Portrait de bruno.13
26/novembre/2018 - 01h34

C'est ce que devraient faire tous les médias et sans couverture médiatique, ce mouvement est fini

Portrait de Aryzona
25/novembre/2018 - 21h06

De toute façon les journalistes sont des pourris! Ils sont tout fiers de parler des dégradations commis pendant la manifestation des gilets jaunes sur les Champs Elysée, mais quand il y a eu la même chose après le défilé des footballeurs français en juillet dernier, rien dans le journal télévisé!!! c'est bizarre quand même! Quand à la violence injustifié des CRS, pas un mot non plus! #Médiascorrompus 

Portrait de Domdom77
25/novembre/2018 - 20h17

C'est le monde à l'envers ... 

Portrait de luciep
25/novembre/2018 - 18h49

Les médias explosent leurs audiences grâce aux gilets jaunes.

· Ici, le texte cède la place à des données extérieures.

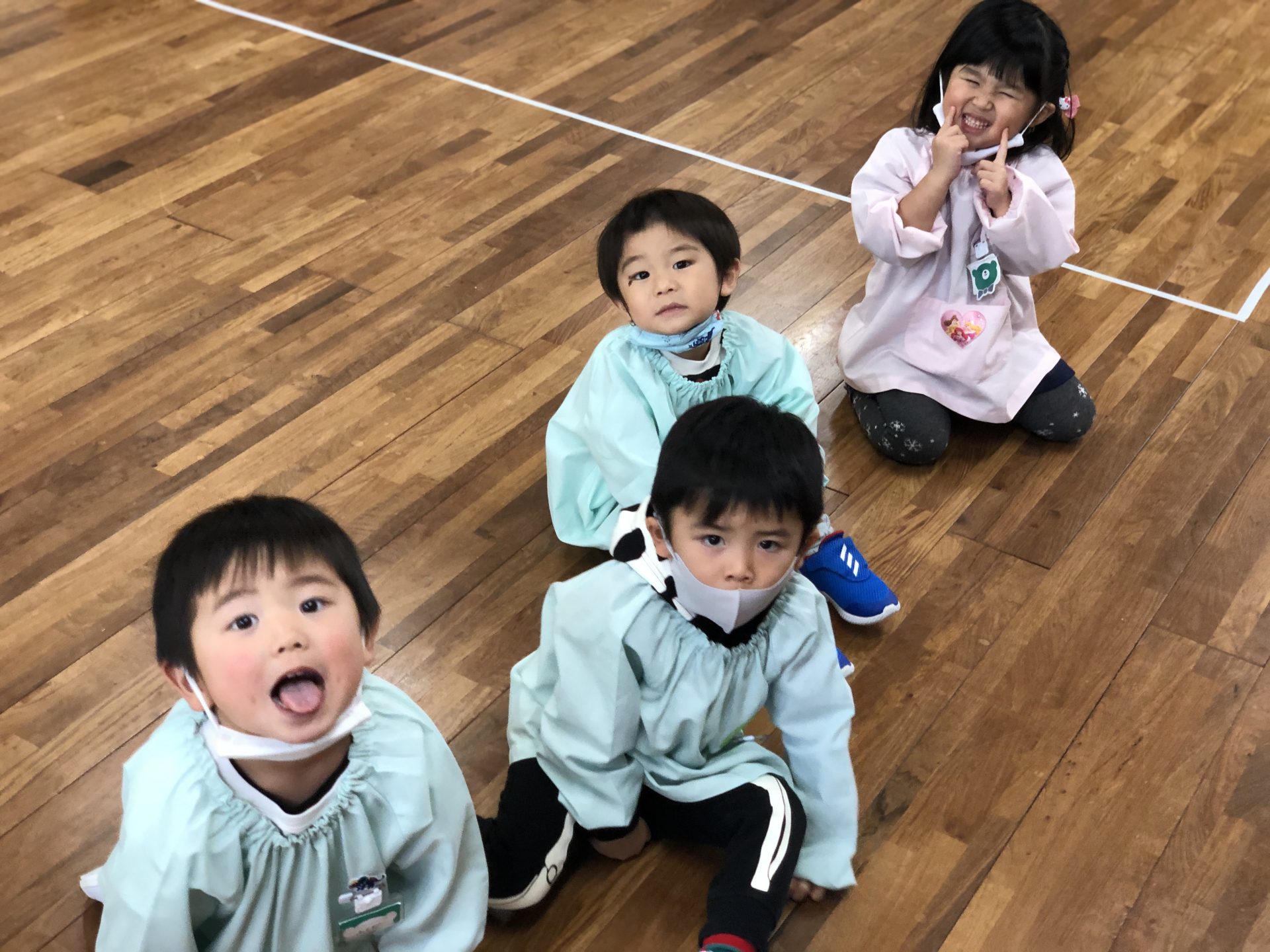 最初にお部屋の中に隠されたドーナツを見つけるゲーム!全員見つけてジャンケンに勝つと、平仮名が書かれた紙をゲットできます♪

Ils se tireraient donc une belle balle dans le pied (même en pleine figure) smiley

Les GJ ne veulent qu'une chose de la part des médias : que leur action ne soit pas déformée en les faisant TOUS passer pour des casseurs à un neurone ou des vestes brunes. Ce sont de braves gens qui ne s'en sortent plus, qui le disent et qui demandent à pouvoir vivre normalement, c'est tout. Ils doivent être respectés.